• PROBLEM TO SOLVE: Copying rule for the data below: pictures stay out, and only the lines from the one with "Simhamukha Yogini Lion" down to the one with "木(4画)ノ(1画)内(4画) 里(7画)衣(6画)紗(10画)", inclusive, are repeated exactly.

• Recorded data:
Content starts

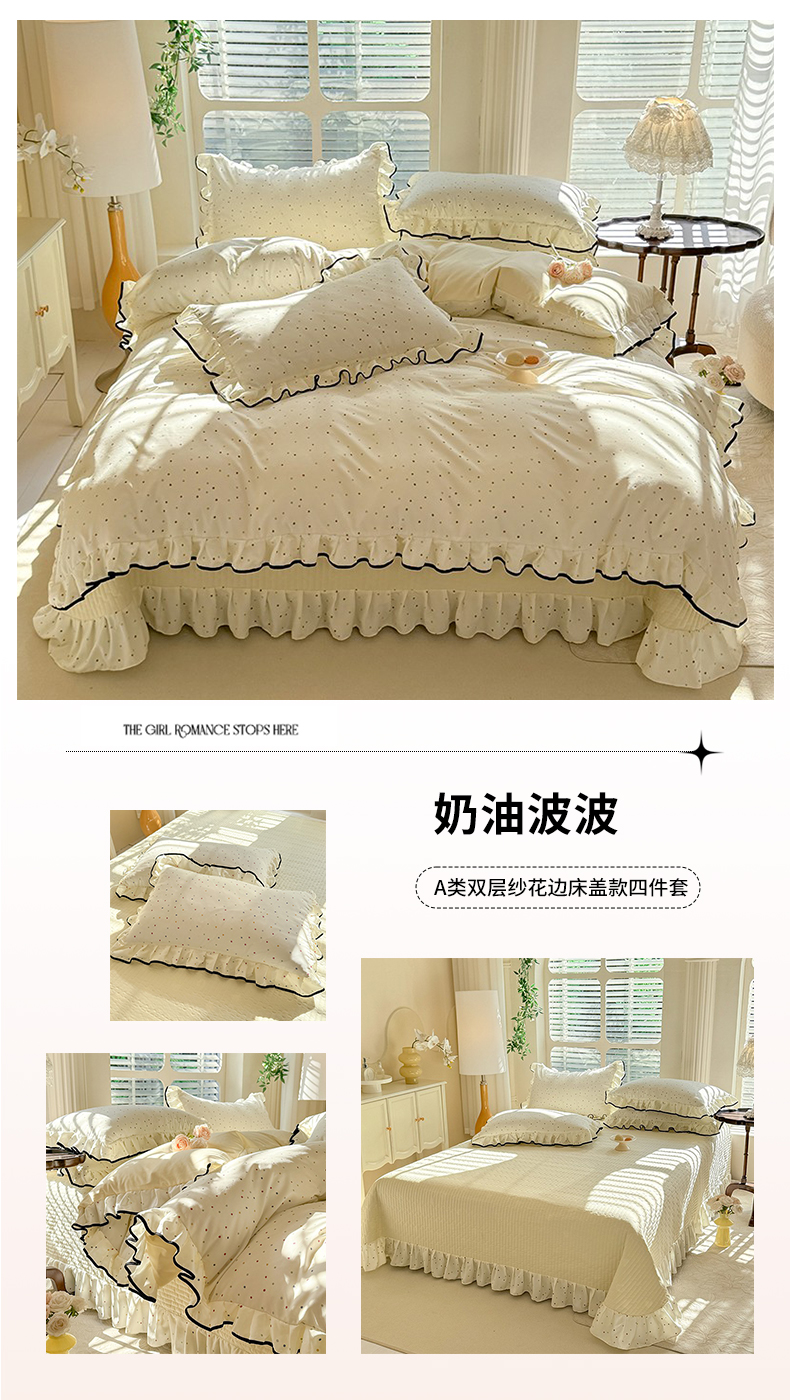 韩约家纺 2025新款1针织双层纱花边款床盖四件套 奶油波波(花边款)
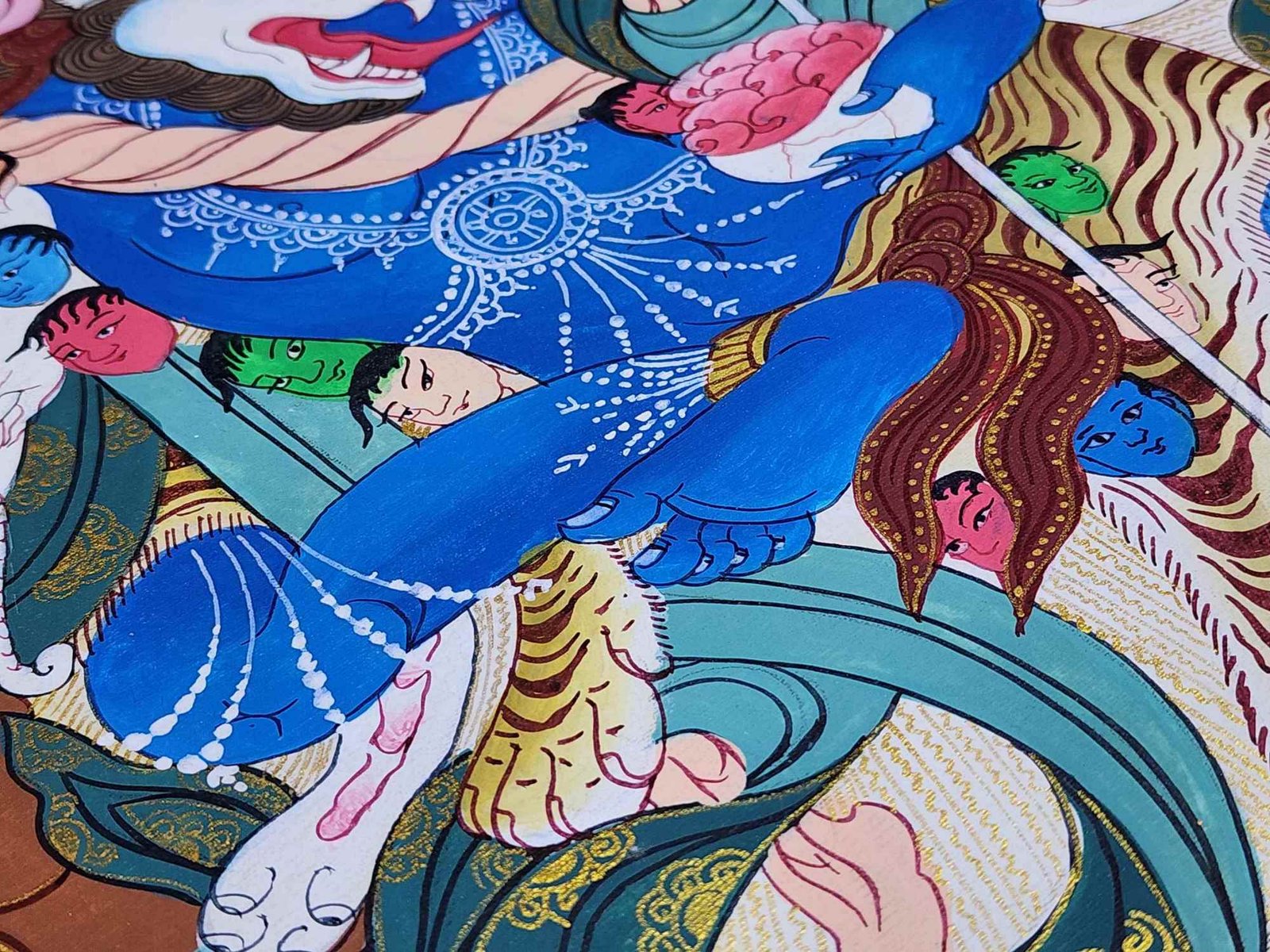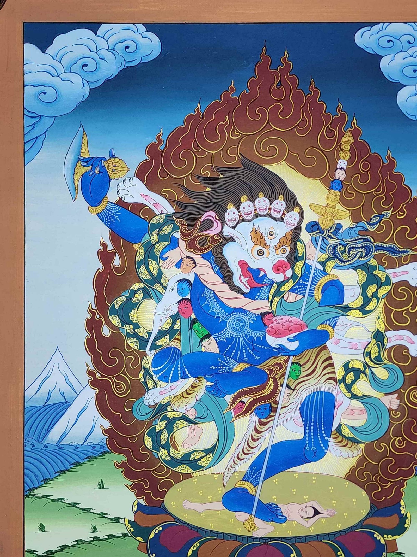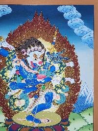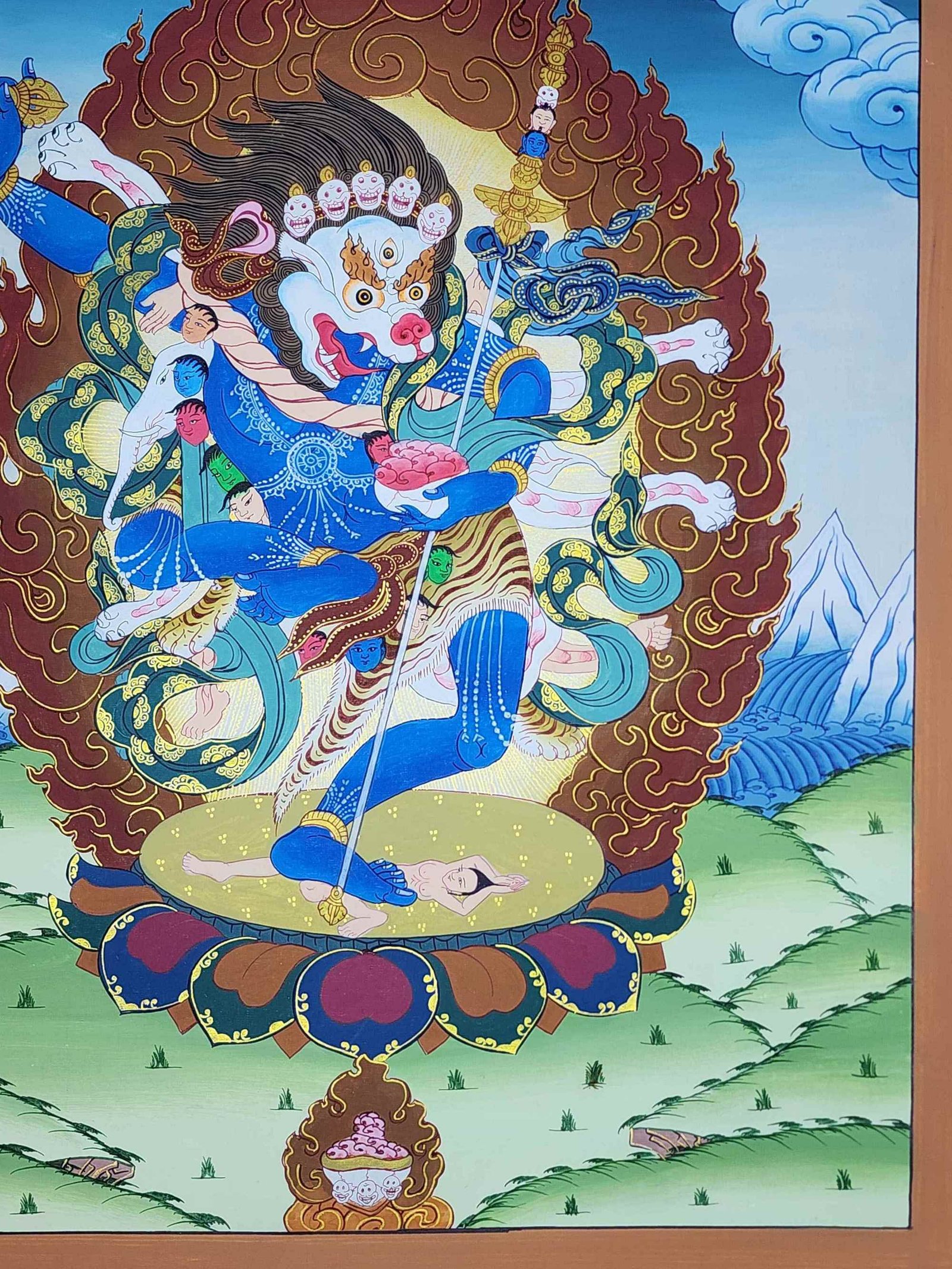 Simhamukha Yogini Lion Faced Dakini Tibetan Thangka Painting with Esoteric Detailing , Fierce Protector and Obstacle Remover
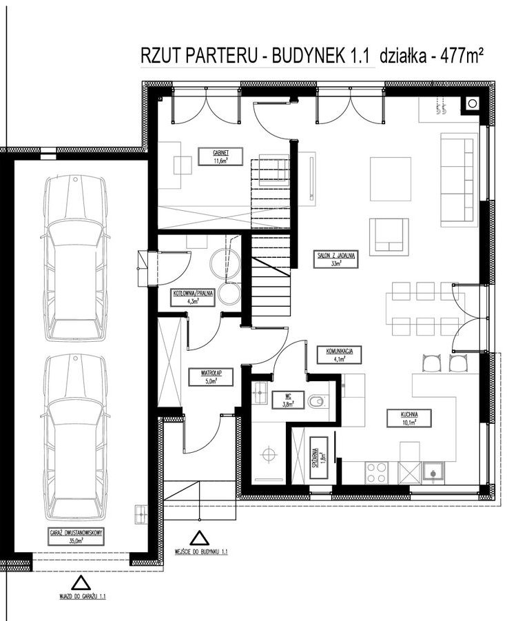 Wnętrza, zaprojektowane z dbałością o funkcjonalność i komfortWykończenie materiałami wysokiej jakości (elewacja częściowo zabudowanymi płytek, okna energooszczędne, przygotowana instalaca pod fotowoltaikę)
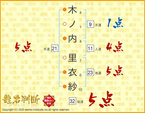 木(4画)ノ(1画)内(4画) 里(7画)衣(6画)紗(10画)
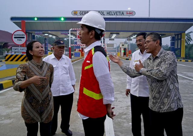 Keterangan foto utama: Joko Widodo saat peresmian jalan tol Medan-Kualanamu-Tebing Tinggi di Sumatera Utara, Oktober 2017.
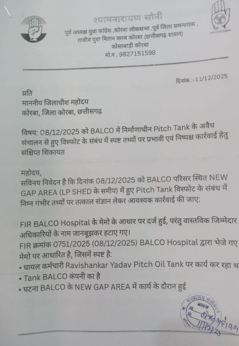 श्यामनारायण सोनी जी द्वारा यह पत्र जिला कलेक्टर, कोरबा को व्यक्तिगत रूप से सौंपा गया, जिसमें BALCO प्रबंधन के विरुद्ध निष्पक्ष कार्रवाई की मांग की गई। BALCO Pitch Tank विस्फोट—दोषियों को बचाने का प्रयास, CEO व Factory Manager पर FIR की मांग

Content ends

• WORKED SOLUTION:
 Simhamukha Yogini Lion Faced Dakini Tibetan Thangka Painting with Esoteric Detailing , Fierce Protector and Obstacle Remover
 Wnętrza, zaprojektowane z dbałością o funkcjonalność i komfortWykończenie materiałami wysokiej jakości (elewacja częściowo zabudowanymi płytek, okna energooszczędne, przygotowana instalaca pod fotowoltaikę)
 木(4画)ノ(1画)内(4画) 里(7画)衣(6画)紗(10画)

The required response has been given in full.